**PROVIDED DATA:**
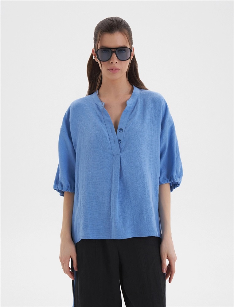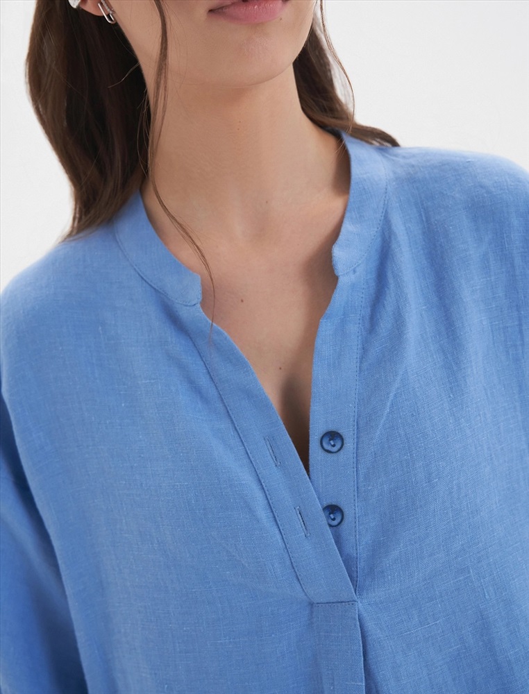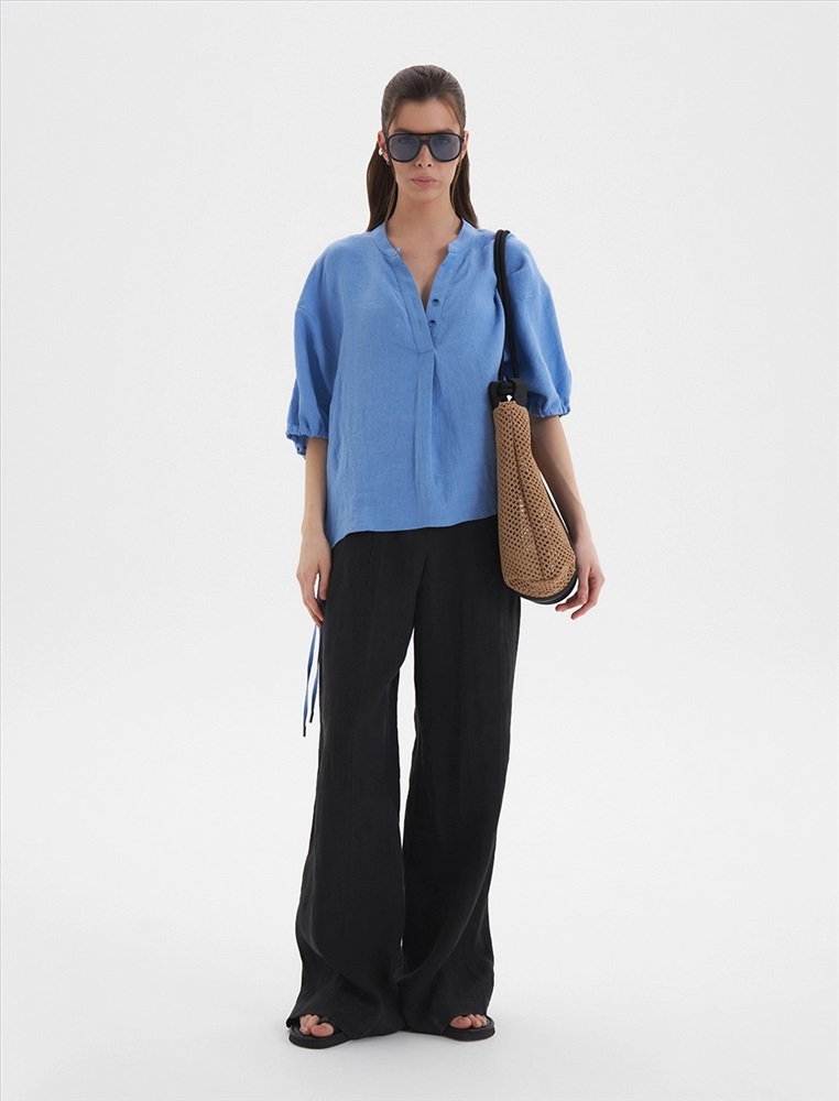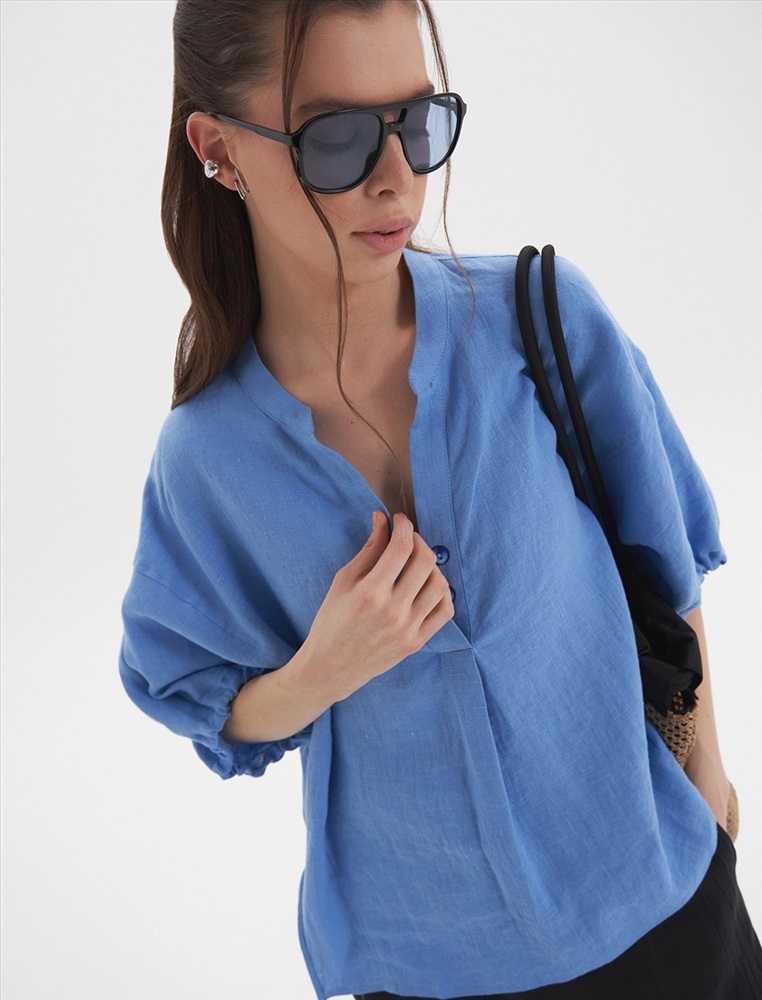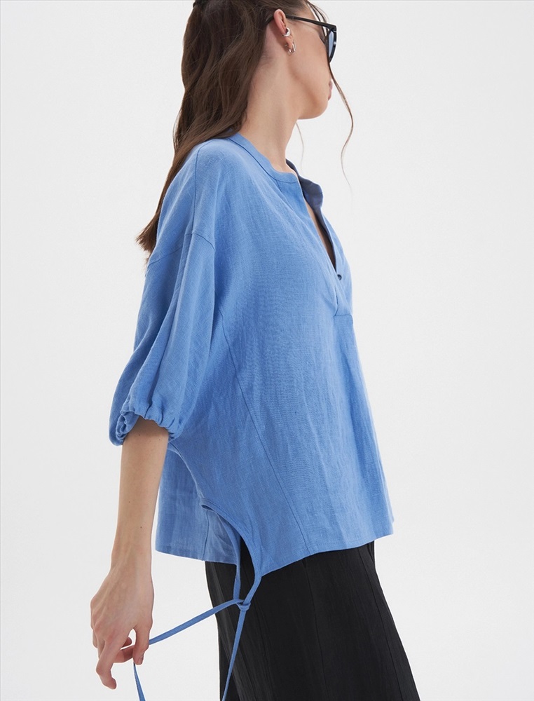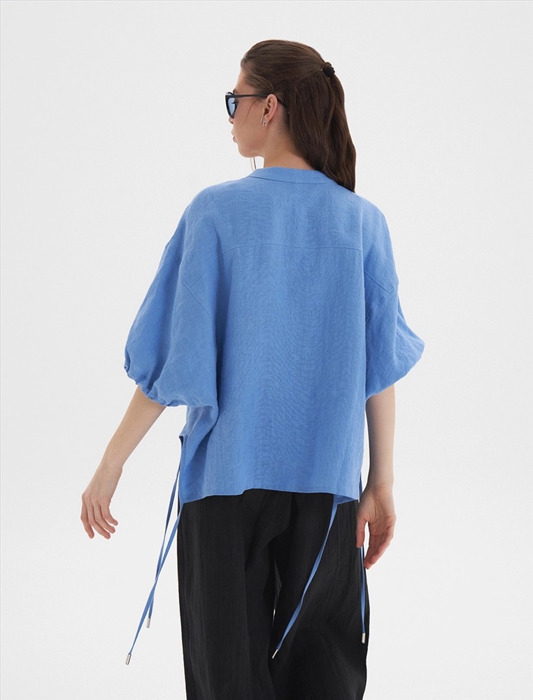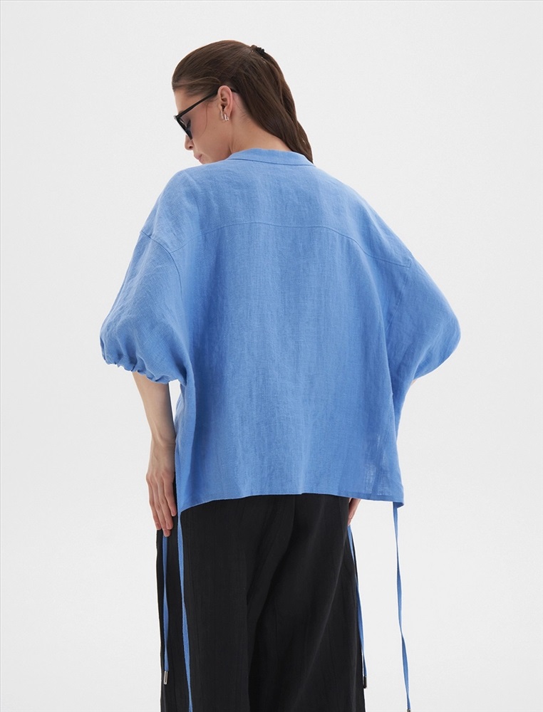 весна-лето 100% Лен Блуза oversize силуэта с воротником-стойкой и горловиной по типу V-neck. Рукава по длине до уровня локтя. На воротнике застежка на пуговицы. По низу рукавов - резинка, а по бокам - шнурки с концевиками. Изделие выполнено из 100% льна. Комментарии к товару
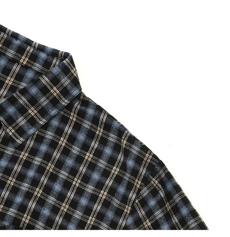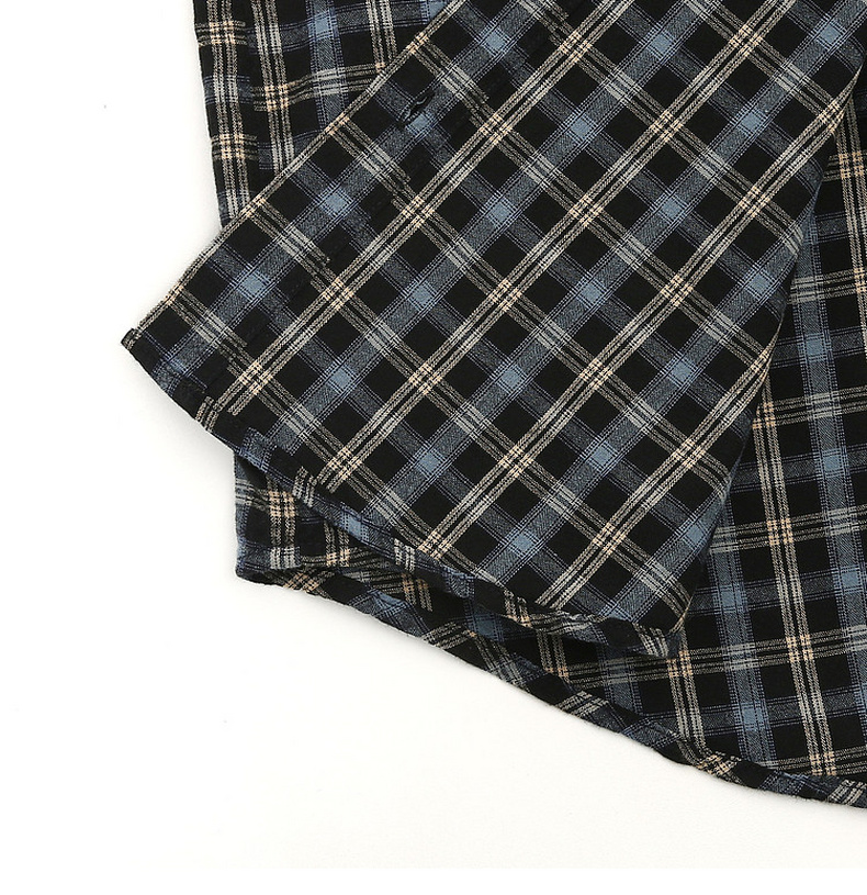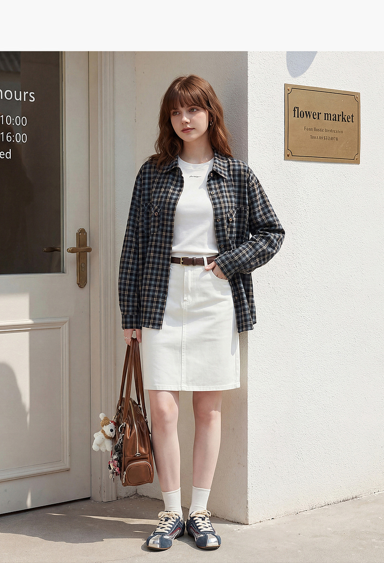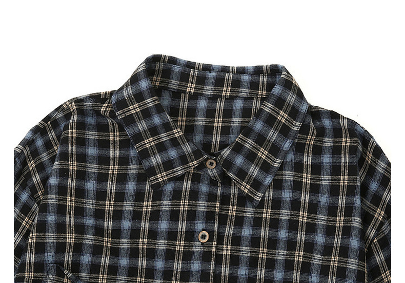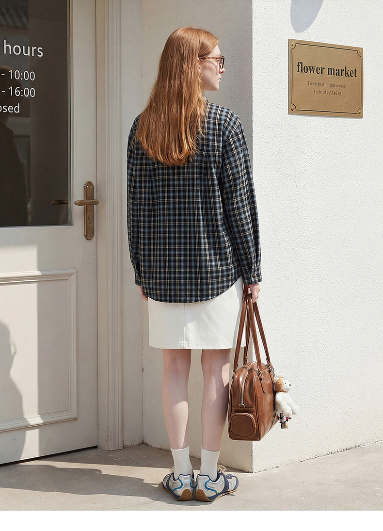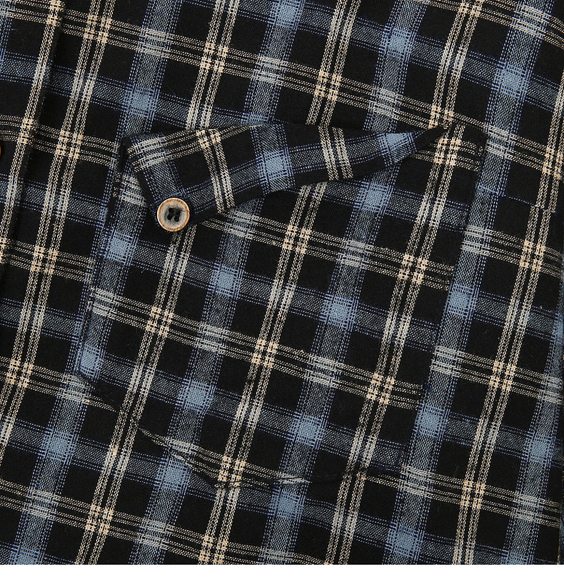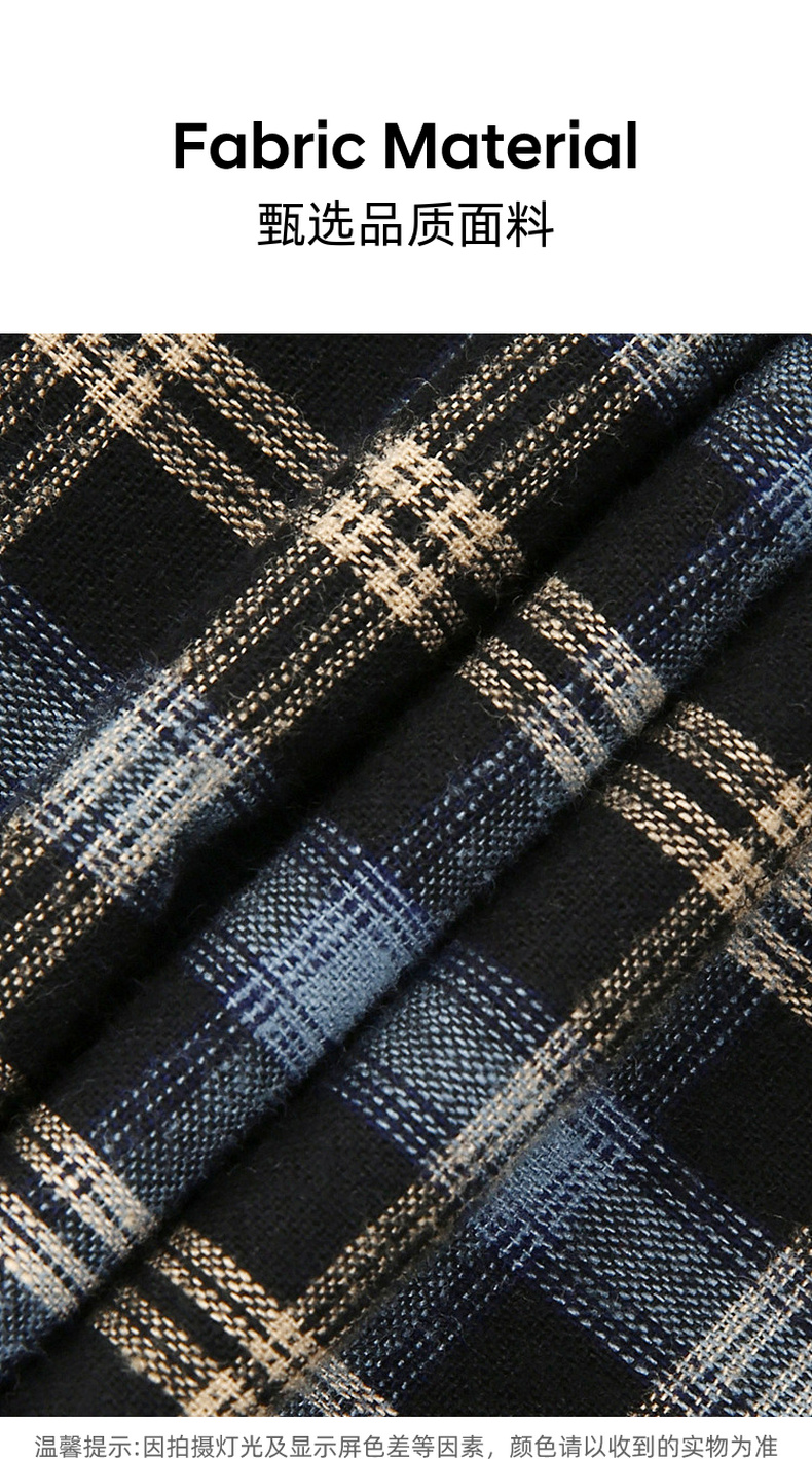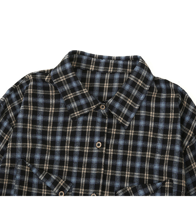 天猫同步【复古格子衬衫】拉夏贝尔/La Chapelle翻领口袋排扣长袖衬衫宽松防晒百搭叠穿上衣女
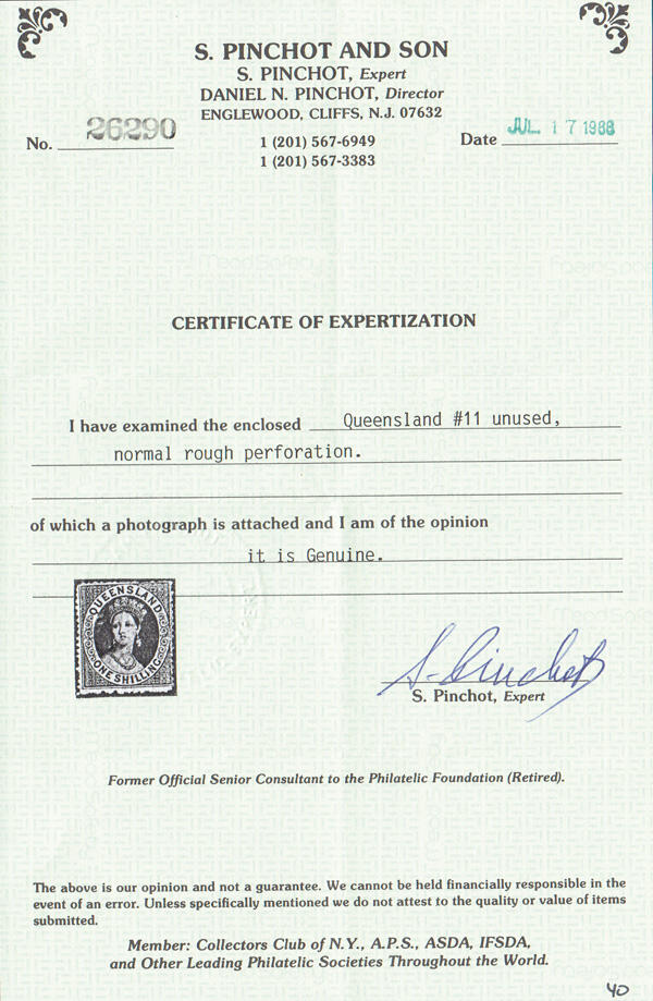 | Zusatzinformationen und Suchstichworte: | Kelleher 774. Auktion 13. - 16. September 2022 Los 2154 Queensland 1861, Königin Victoria "Chalon Kopf", 1s violett, rau gezähnt 14 zu 16 (Scott 11), kleines Stern Wasserzeichen, ungebraucht ohne Gummi, tieffarbig, fein und selten, mit ein 1988 Pinchot Attest. SG 19; £1,300 ($1,680). Scott $1,150. Zuschlag 425,00 USD |
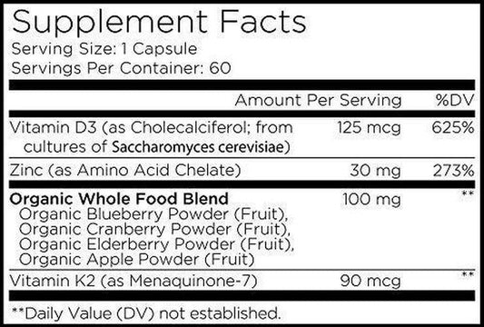 Amen Vitamin D, K2 and Zinc, Cholecalciferol D3 5000 IU, Organic Whole Food Blend with Apple, Blueberry, Cranberry, Elderberry Powder Fruits, Vegan Supplement, D3 K2 Vitamins, Non-GMO - 60 Capsules

**WHAT TO PRODUCE:**
Return the material exactly as written, except for any pictures it holds.

**ANSWER FOR THIS EXERCISE:**
 весна-лето 100% Лен Блуза oversize силуэта с воротником-стойкой и горловиной по типу V-neck. Рукава по длине до уровня локтя. На воротнике застежка на пуговицы. По низу рукавов - резинка, а по бокам - шнурки с концевиками. Изделие выполнено из 100% льна. Комментарии к товару
 天猫同步【复古格子衬衫】拉夏贝尔/La Chapelle翻领口袋排扣长袖衬衫宽松防晒百搭叠穿上衣女
 | Zusatzinformationen und Suchstichworte: | Kelleher 774. Auktion 13. - 16. September 2022 Los 2154 Queensland 1861, Königin Victoria "Chalon Kopf", 1s violett, rau gezähnt 14 zu 16 (Scott 11), kleines Stern Wasserzeichen, ungebraucht ohne Gummi, tieffarbig, fein und selten, mit ein 1988 Pinchot Attest. SG 19; £1,300 ($1,680). Scott $1,150. Zuschlag 425,00 USD |
 Amen Vitamin D, K2 and Zinc, Cholecalciferol D3 5000 IU, Organic Whole Food Blend with Apple, Blueberry, Cranberry, Elderberry Powder Fruits, Vegan Supplement, D3 K2 Vitamins, Non-GMO - 60 Capsules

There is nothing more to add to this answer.